The Ammonia Safety Committee is dedicated to improving the safety of plants that manufacture ammonia and related chemicals, such as urea, nitric acid, ammonium nitrate, and methanol. The conference’s objective is to improve the safety performance of the ammonia industry. This is achieved by sharing information on incidents, safety practices, and technology improvements in presentations and open discussions.

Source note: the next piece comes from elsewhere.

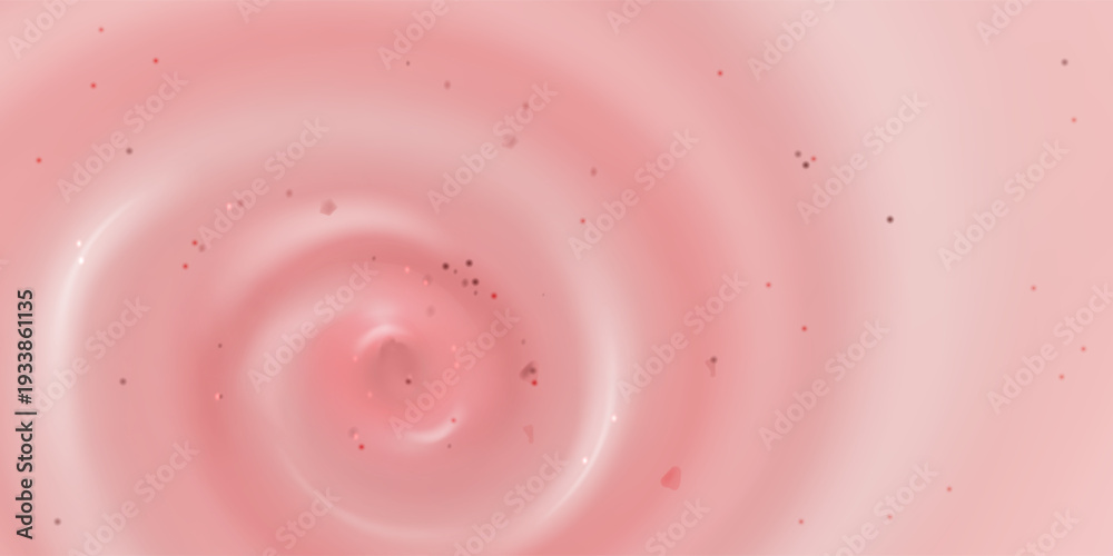 Creamy strawberry yogurt swirl with small particles, realistic vector background. Top view of pink wave pattern, smooth cosmetic texture. Delicious fruity ice cream, dessert or beauty product design

From 20-24th August 2023, 360 engineers from more than 30 countries and 100 companies attended the AIChE’s 67th Annual Ammonia Safety Symposium at The Westin Grand Hotel in Munich. Attendees who participated in the Symposium included plant managers, production managers, safety managers, process/reliability engineers, and everyone responsible for the safety and performance of ammonia plants or handling facilities, to hear worldwide experts discuss the latest advances in safe production and use of ammonia, case studies, and lessons learned at these symposiums.
Zero accident vision
This year’s keynote speech; Zero Accident Vision – What would it take? was presented by Volker Andresen, Sustainability Director of the International Fertiliser Association (IFA). Volker started his speech with a universal truth: “nobody wants to get hurt.”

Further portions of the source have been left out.